Meine Damen und Herren,
Die Verfassung unseres Landes verpflichtet den Staat dazu, die Jugend im Sinne von Toleranz und Friedensgesinnung zu erziehen. Die Anwendung militärischer Gewalt widerspricht diesem Gebot. Selbst wenn die Mehrheit des Bundestages den Einsatz der Bundeswehr zur Absicherung deutscher Interessen in Afghanistan unterstützt, so gibt es doch eine breite Ablehnung dieses Krieges in der Bevölkerung.
2008 hat die damalige schwarz-gelbe Landesregierung eine Kooperationsvereinbarung mit der Bundeswehr geschlossenen, die ihr einen erleichterten Zugang zu den nordrhein-westfälischen Schulen ermöglicht. Im März gab es dazu eine Anhörung im Landtag. Leider kann ich aus Zeitgründen nicht näher darauf eingehen. Ich möchte hier aber doch ein zentrales Argument gegen diesen Kooperationsvertrag und gegen Jugendoffiziere in Schulen hervorheben:
In den 70er Jahren wurden für die politische Bildung Regeln aufgestellt, an denen sich insbesondere Schulen und öffentliche Einrichtungen halten sollen. Dieser sogenannte Beutelsbacher Konsens beinhaltet unter anderem:

Ein Überwältigungsverbot. Das bedeutet: Es ist nicht erlaubt, Schülerinnen und Schüler - mit welchen Mitteln auch immer - im Sinne erwünschter Meinungen zu überrumpeln und damit an der Gewinnung eines "selbständigen Urteils" zu hindern.
Und zweitens ein Gebot der Ausgewogenheit bzw. Kontroversität. Das heißt: Was in Wissenschaft und Politik kontrovers ist, muss auch im Unterricht kontrovers erscheinen.

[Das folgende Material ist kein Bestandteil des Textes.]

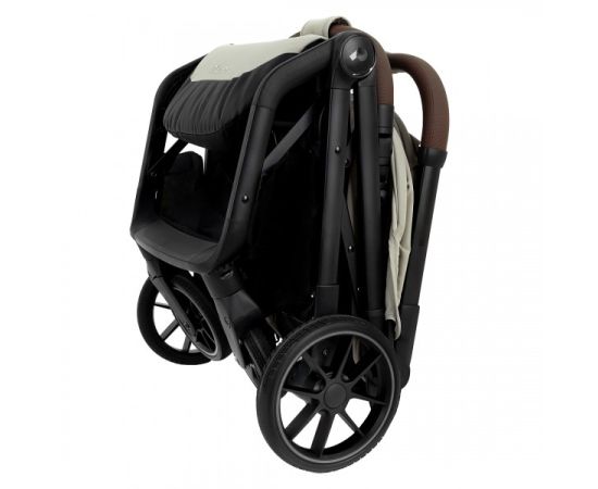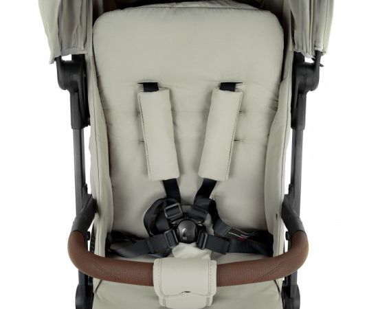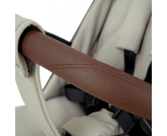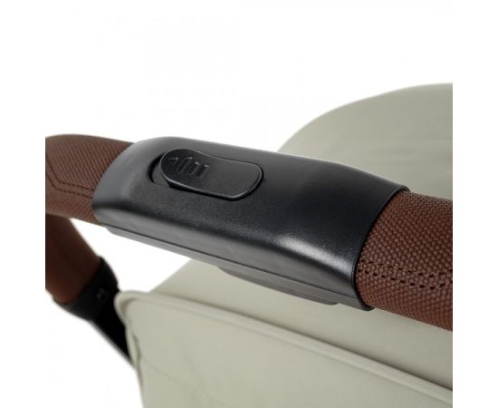 - Прочная ручка из эко-кожи приятна на ощупь. Удобная конструкция помогает легко складывать коляску одним нажатием кнопки.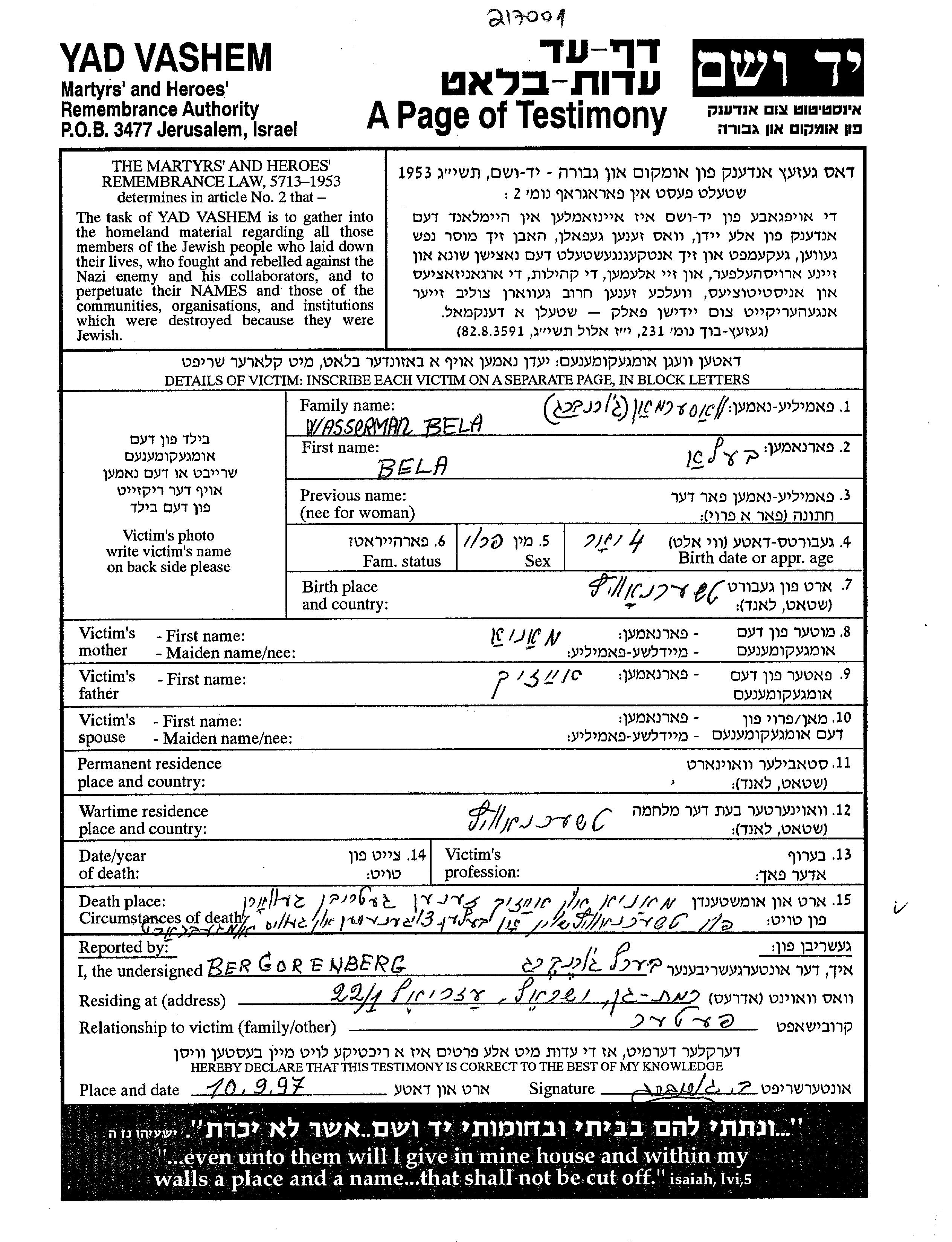 Вассерман | Бела | Черновцы, Румыния | Лист свидетельских показаний | |

Bundeswehroffiziere, die im Unterricht die Positionen der Bundeswehr vertreten ohne dass in gleichem Maße kontroverse Positionen vertreten und diskutiert werden, dürfte es nach diesen Grundsätzen der politischen Bildung nicht geben.
Es gibt sie aber!
Im Mai war die Bundeswehr in der Bielefelder Abendrealschule, im Juni in der Bosse Realschule, im Oktober sind Einsätze  im Gymnasium Brackwede und auf der Berufsinformationsbörse des Carl-Severing-Berufskollegs geplant.
Meine Damen und Herren,
wir wissen, dass weder der Rat, der Oberbürgermeister oder die Verwaltung ein Eingriffsrecht in den Unterricht der Schulen besitzt, egal um welche politischen oder gesellschaftlichen Anliegen es geht.
Aber es gibt die Möglichkeit, eine öffentliche Debatte um dieses Thema auch in den Schulen zu initiieren.  Unseres Erachtens ist es dringend nötig, diese politische Debatte in die Schulen zu tragen. Gemeinsam mit Schülervertretungen und mit der Gewerkschaft Erziehung und Wissenschaft, die diese Form der Werbung für die Bundeswehr gleichfalls ablehnt.
Wir bitten Sie diese Debatte zu führen und unseren Antrag zu unterstützen.